Nell Leyshon - Der Wald / The Forest

  • Dieses Buch erzählt die Geschichte von Pawel und seiner Mutter Zofia.

    Es beginnt mit zwei Briefen. Sofia ist alt und wird betreut, als sie einen Brief erhält mit einer Einladung. Auch Paul erhält einen Brief, den er schon erwartet hat.

    Dann gliedert sich das Buch in drei Abschnitte: Stadt, Wald, Kleinstadt.

    Alles beginnt in Warschau, als Pawel noch behütet im Kreis der Familie aufwächst. Doch der Beginn des zweiten Weltkrieges bringt für die Familie auch Veränderungen mit sich. Rundherum wird gekämpft, es fallen Bomben. Karol, der sich im Widerstand gegen die Nazis engagiert, bringt einen verletzten Engländer zum Sterben ins Haus, was sie alle in Gefahr bringt und ungeahnte Folgen hat. Dann erleben wir Pawel und seine Mutter, die im Wald Sicherheit gesucht haben. Sie sind bei der alten Baba untergekommen. Dann gibt es einen Sprung in ihr späteres Leben in England.
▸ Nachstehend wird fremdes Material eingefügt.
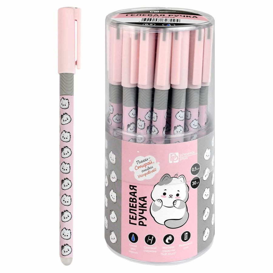 Ручка гелевая ПИШИ-СТИРАЙ арт. 69518 / 30 КОТИКИ НА РОЗОВОМ (ПВХ тубус, 30 шт., неавтоматическая, 7x152 мм, цвет корпуса: серый, розовый, материал корпуса: АБС-пластик с добавлением САН-пластика, покрытие корпуса: софт-тач, стираемые чернила, 0,5 мм, цвет чернил: синий, стержень: сменный).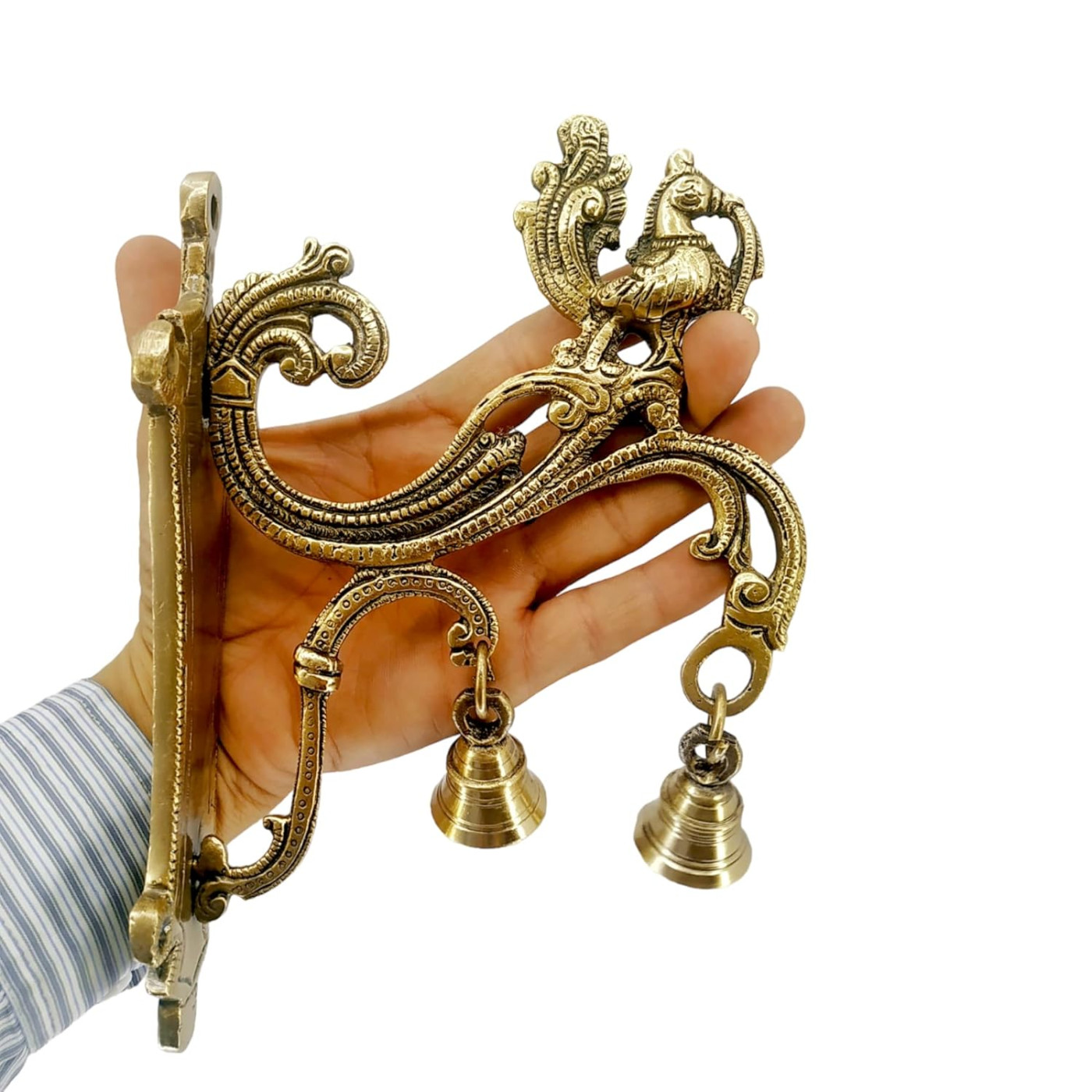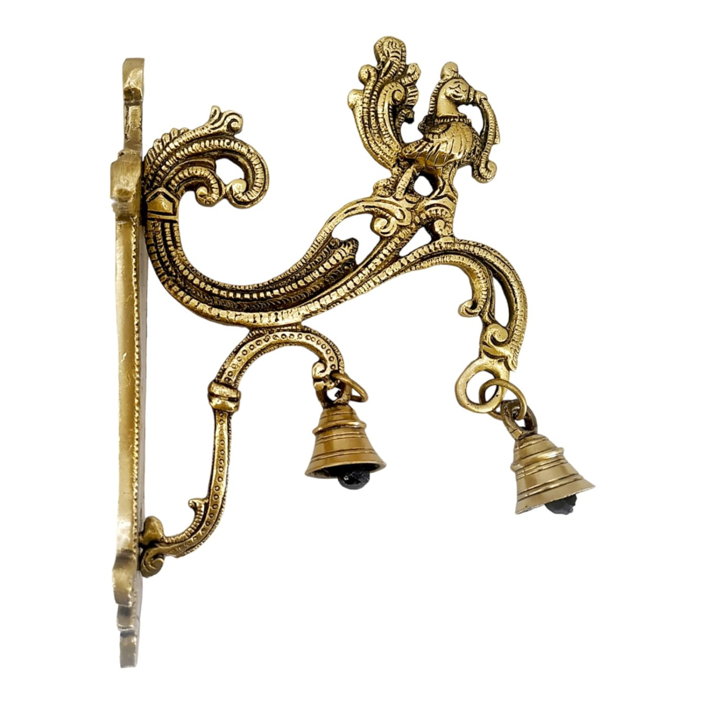 AARGKRAFT Brass Wall Bracket Wall Hanger for Hanging Diya Lamp | Wall Decor | Peacock with Bells

    Die Autorin Nell Leyshon hat sich mit ihrem Buch „Die Farbe von Milch“ einen Namen gemacht.

    Der Schreibstil ist ruhig und fast schon distanziert, aber immer sehr ausführlich. Trotzdem konnte ich mich gut in die Charaktere und ihre Situation hineinversetzen. Zofia hatte ihre Träume, aber sie hat sich ganz selbstlos in das ihr aufgezwungene Leben eingelassen. Pawel ist ein ängstlicher Junge, der wissbegierig ist und fantasievoll, manchmal aber auch ein wenig naiv.
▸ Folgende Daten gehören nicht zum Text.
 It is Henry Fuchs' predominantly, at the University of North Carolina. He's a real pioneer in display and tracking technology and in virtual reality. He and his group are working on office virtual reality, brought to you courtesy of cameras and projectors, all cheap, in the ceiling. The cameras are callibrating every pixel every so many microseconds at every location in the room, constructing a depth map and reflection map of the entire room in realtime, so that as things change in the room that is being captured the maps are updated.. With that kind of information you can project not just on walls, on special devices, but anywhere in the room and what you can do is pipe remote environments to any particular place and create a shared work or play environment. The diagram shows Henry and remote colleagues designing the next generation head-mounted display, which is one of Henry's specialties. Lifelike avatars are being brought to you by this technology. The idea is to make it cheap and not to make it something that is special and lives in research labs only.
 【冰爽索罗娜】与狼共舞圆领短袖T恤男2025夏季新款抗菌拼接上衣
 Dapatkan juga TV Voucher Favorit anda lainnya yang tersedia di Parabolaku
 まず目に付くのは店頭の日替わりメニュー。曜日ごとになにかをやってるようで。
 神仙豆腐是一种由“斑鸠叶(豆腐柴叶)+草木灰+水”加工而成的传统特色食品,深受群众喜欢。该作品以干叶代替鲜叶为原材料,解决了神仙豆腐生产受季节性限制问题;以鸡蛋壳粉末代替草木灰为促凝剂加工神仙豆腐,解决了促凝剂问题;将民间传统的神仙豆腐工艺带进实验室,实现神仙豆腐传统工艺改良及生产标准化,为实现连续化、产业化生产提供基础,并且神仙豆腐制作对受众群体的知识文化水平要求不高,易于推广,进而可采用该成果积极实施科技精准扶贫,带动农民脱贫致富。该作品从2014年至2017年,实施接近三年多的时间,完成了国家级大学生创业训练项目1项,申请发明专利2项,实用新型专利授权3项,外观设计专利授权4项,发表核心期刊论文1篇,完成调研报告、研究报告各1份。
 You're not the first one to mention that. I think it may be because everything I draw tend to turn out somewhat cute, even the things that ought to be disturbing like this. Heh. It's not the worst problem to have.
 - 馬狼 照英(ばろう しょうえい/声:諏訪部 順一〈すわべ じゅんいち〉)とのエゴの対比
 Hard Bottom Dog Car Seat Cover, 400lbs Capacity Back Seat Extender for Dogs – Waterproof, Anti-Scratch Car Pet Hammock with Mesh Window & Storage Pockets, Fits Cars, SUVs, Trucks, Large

    „Der Wald“ erzählt eine Geschichte über eine Beziehung zwischen Mutter und Sohn. Zofia wollte Musik machen, hat den Maler Karol kennengelernt und ihren Sohn Pawel bekommen. Zu dem Jungen hat sie keine rechte Beziehung aufgebaut, da zunächst ein Kindermädchen sich um ihn gekümmert hat. Der Krieg kam und die Dienstboten gingen; Zofia muss sich selbst um ihr Kind kümmern. Sie möchte ihn behüten und doch ist er ihr auch seltsam fremd; sie ist in ständigem Zwiespalt. Karol findet, dass sie nicht hart genug ist. Ihre Zeit im Wald hat beide auf unterschiedliche Weise geprägt. Bei Baba lernt Pawel nicht nur, wie man die Lebensmittel erzeugt, sondern auch das Malen. Später in England lebt Pawel, der nun Paul ist, als Künstler sei eigenes Leben. Er wurde durch die Vergangenheit und Baba geprägt und das Erlebte sorgt dafür, dass Mutter und Sohn sich nur schwer wieder einander annähern können, obwohl sie auf immer miteinander verbunden sind.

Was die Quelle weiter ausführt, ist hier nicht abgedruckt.